Host Your Guests in the Lap of Luxury!
On the last episode of The Eyshet Chayil Show, we discovered what the Sages have to say about being an immaculate host, as well as how to be a delightful guest.
Nothing says "welcome to a Jewish home" like a pleasant guest room. In the grand tradition of our noble ancestor, Abraham, we like to invite friends (and even strangers) to share in a Shabbat weekend or a holiday's festivities.
So how can you make your hospitality something to remember?

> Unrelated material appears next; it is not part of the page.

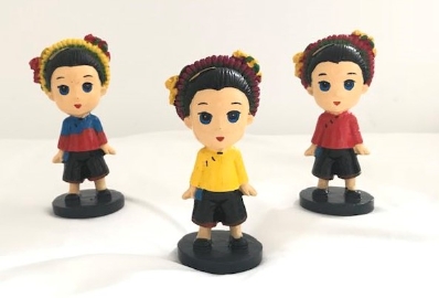 浔埔女阿丽,是代表蟳埔最美阿姨的系列人偶礼品,在独具特色的人偶设计之下,采用纯手工,最原始、最蟳埔的工艺,保证每一位蟳埔阿姨阿丽都是原汁原味的“蟳埔人”。阿丽们的服装均采用手工剪裁缝制而成,布料采用与大裾衫同款材质,同时为了美观,更多采用颜色鲜艳的布料制作服装。阿丽们的发髻也都是通过纯手工盘制而成,搭配模仿蟳埔女最爱的茉莉花、康乃馨、菊花、素馨花等鲜花样貌的塑料簪花围,在阿丽身上展现出最具蟳埔特色的美!

Here are some tips from Martha Stewart:
OUTFITTING A GUEST ROOM
In a strange room, comfort and space are more soothing than a clutter of unfamiliar things. On a bedside table, place a single flower bloom in a simple glass, a nice clock, and a selection of books suited to your guest’s taste.
Closets and Drawers
Make sure that there is adequate closet and drawer space. Supply a variety of hangers, at least a dozen good wooden or metal ones—that will hold trousers and jackets, flimsy dresses, and heavy coats. And make certain there is a full-length mirror.
If the bathroom is shared, clear space in it for guests’ toiletries. Stock it with new toothbrushes and toothpaste, a plush robe, and a supply of clean cotton towels for each guest. Supply a few luxuries that one might not find at home: a beautiful soap or an unusual cream, a special shampoo, or a small bottle of perfume or cologne. If your guest has allergies, provide a hypoallergenic soap and moisturizer.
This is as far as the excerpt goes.